Uniknąć wpadki z rundy zasadniczej, czyli na co stać GKM w Łodzi?
GKM Grudziądz w półfinale Nice PLŻ zmierzy się z mocną drużyną Orła Łódź. Grudziądzanie muszą wyciągnąć wnioski z ostatniej wysokiej porażki w Łodzi, aby realnie myśleć o awansie do finałowej batalii.
Poprzednie spotkanie obu ekip na stadionie przy ul. 6-go sierpnia zakończyło się bezapelacyjnym triumfem podopiecznych Lecha Kędziory. Goście znad Wisły kompletnie nie mogli się odnaleźć na łódzkim owalu. Wśród zawodników GKM-u Grudziądz na miarę oczekiwań spisał się jedynie Sebastian Ułamek, autor 13 punktów w sześciu startach. W ostatnim czasie wychowanek Włókniarza Częstochowa nie zachwyca jednak formą na bardziej wymagających torach i o powtórzenie wyniku z 21 kwietnia będzie mu trudno.
Niekwestionowanym liderem zespołu Roberta Kempińskiego jest Rafał Okoniewski.
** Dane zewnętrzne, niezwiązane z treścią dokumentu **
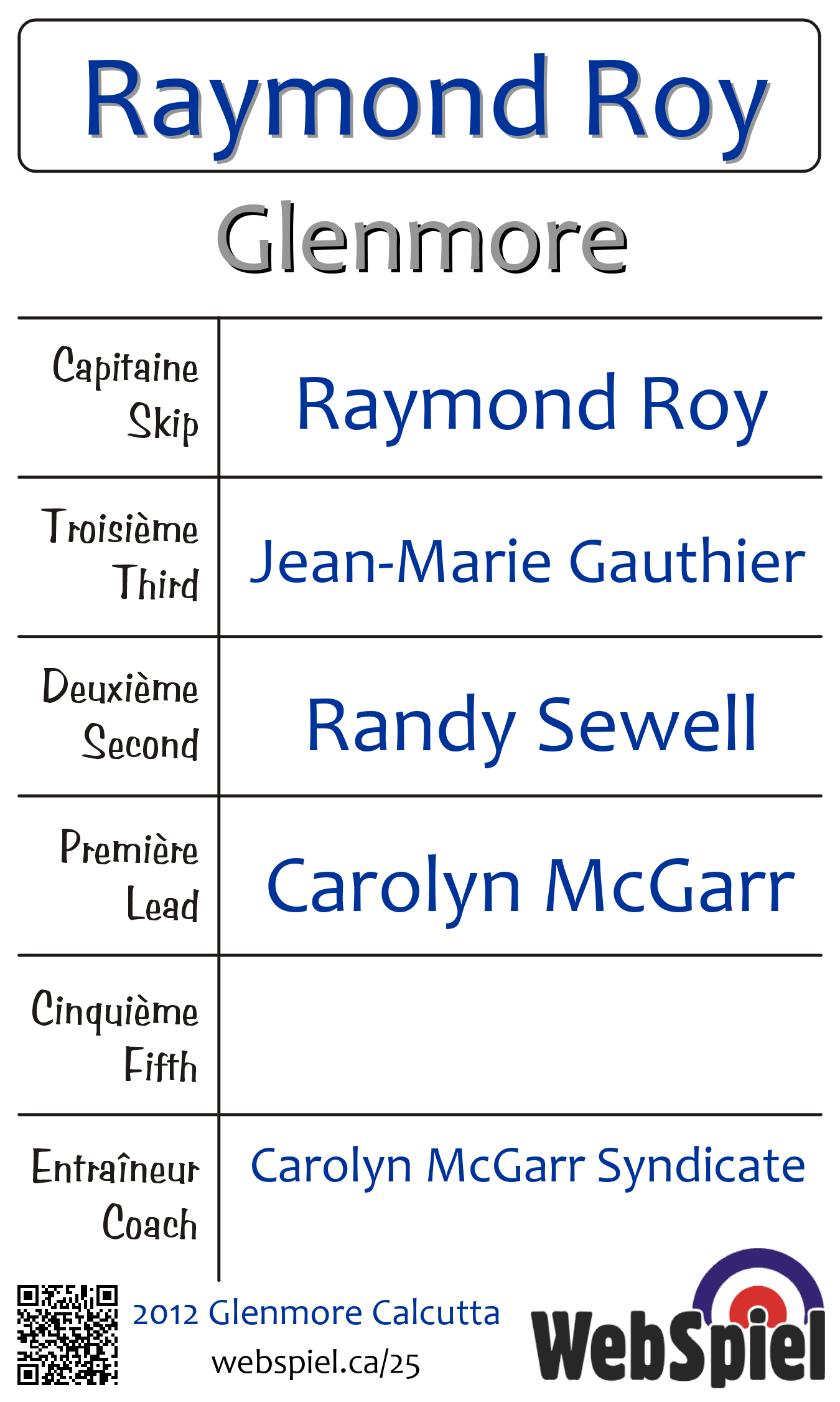 Mardi le 7 février 2012, à 19h00 EST Glenmore Curling Club, Glace 211, Gagnant › A09, Perdant › B01 | |||||||||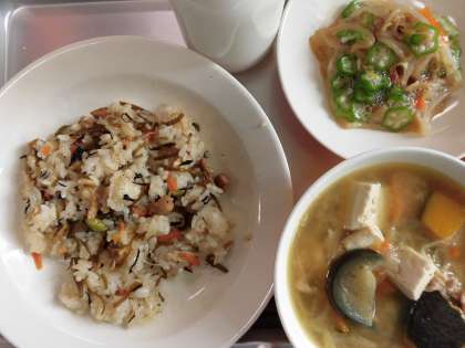 磯おこわ 牛乳 夏野菜の豚汁 オクラと野菜の和えもの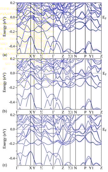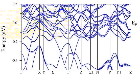 Figure 9 displays the band structure calculated along high-symmetry k lines in the Brillouin zone for stoichiometric YSrRhSn sample. The aim of ab initio calculations was to show that the dopant (Sr) does not modify the band structure in the binding energies between and −0.5 eV, leaving the pseudogap at −0.3 eV. In effect, the resistivity of the Sr-doped sample is expected to be metallic; this is, however, not the case. The EDXS measurements indicated the deficiency of Y in the YSrRhSn sample too, which is a reason for the semimetallic behaviour in data and the Mott’s dependence [17].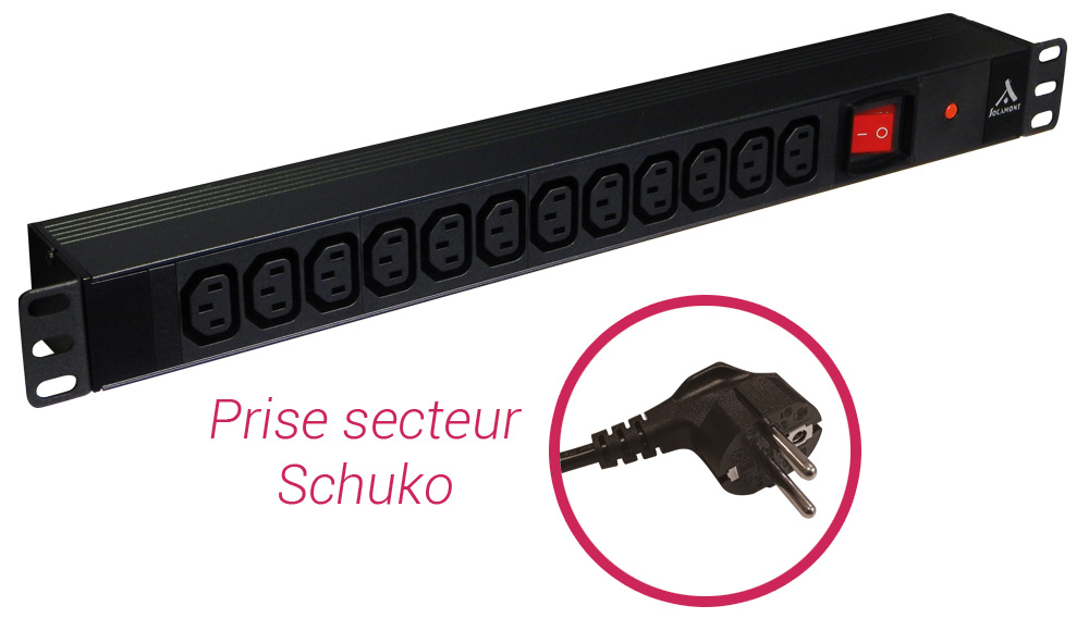 BANDEAU PDU 1U, 12 PRISES C13 AVEC INTERRUPTEUR LUMINEUX VDE 16A
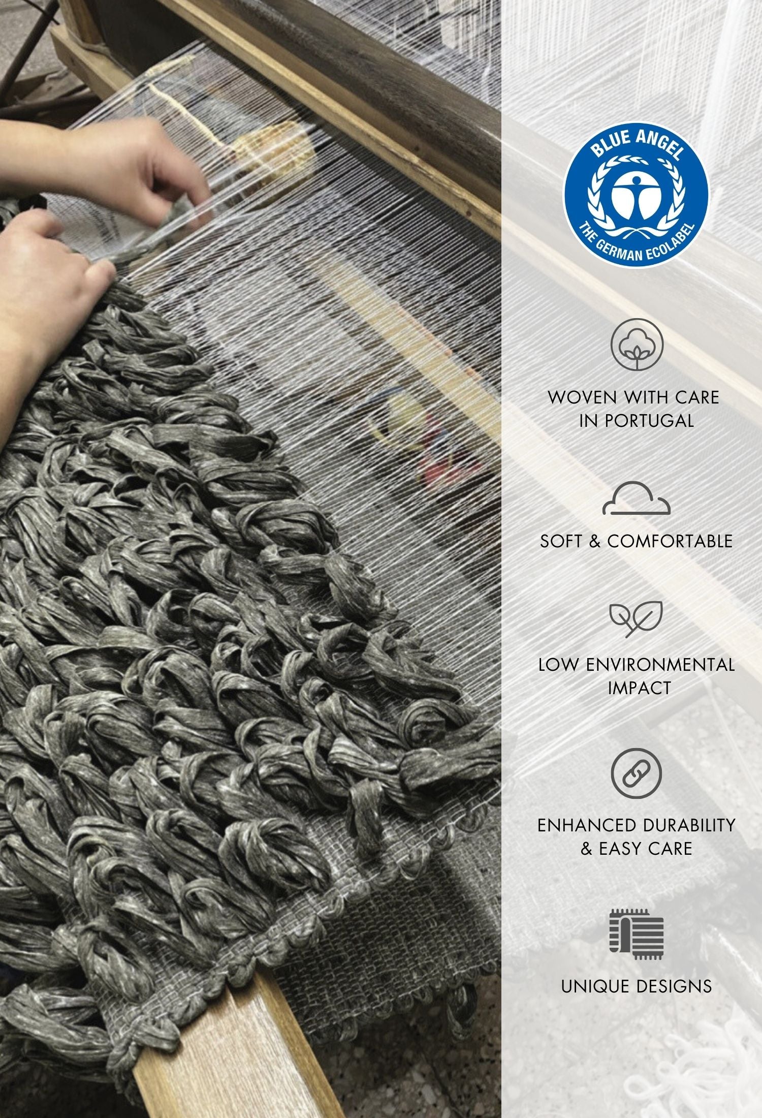 Fibres mixtes. Fabriqué sur des métiers à tisser manuels au Portugal.

Wychowanek Polonii Piła jest w bardzo wysokiej formie, czego dowodem jest jego fantastyczna jazda podczas ostatniego meczu ligowego w Gnieźnie. W minioną niedzielę "Okoń" nie zaznał goryczy porażki i zapisał przy swoim nazwisku 14 punktów z bonusem. Senior GKM-u nie miał jednak w ostatnich latach okazji do startów na łódzkim owalu i szybkie dopasowanie sprzętu do ciężkiej nawierzchni powinno być kluczowe w jego przypadku. Grudziądzkich kibiców napawa optymizmem zwyżka formy kapitana, Norberta Kościucha. "Norbi" dość dobrze czuje się na torze w Łodzi. W 2012 roku zdobył tam 11 "oczek" z bonusem i był jedynym silnym ogniwem GKM-u, który został "zmiażdżony" przez miejscową ekipę Orła.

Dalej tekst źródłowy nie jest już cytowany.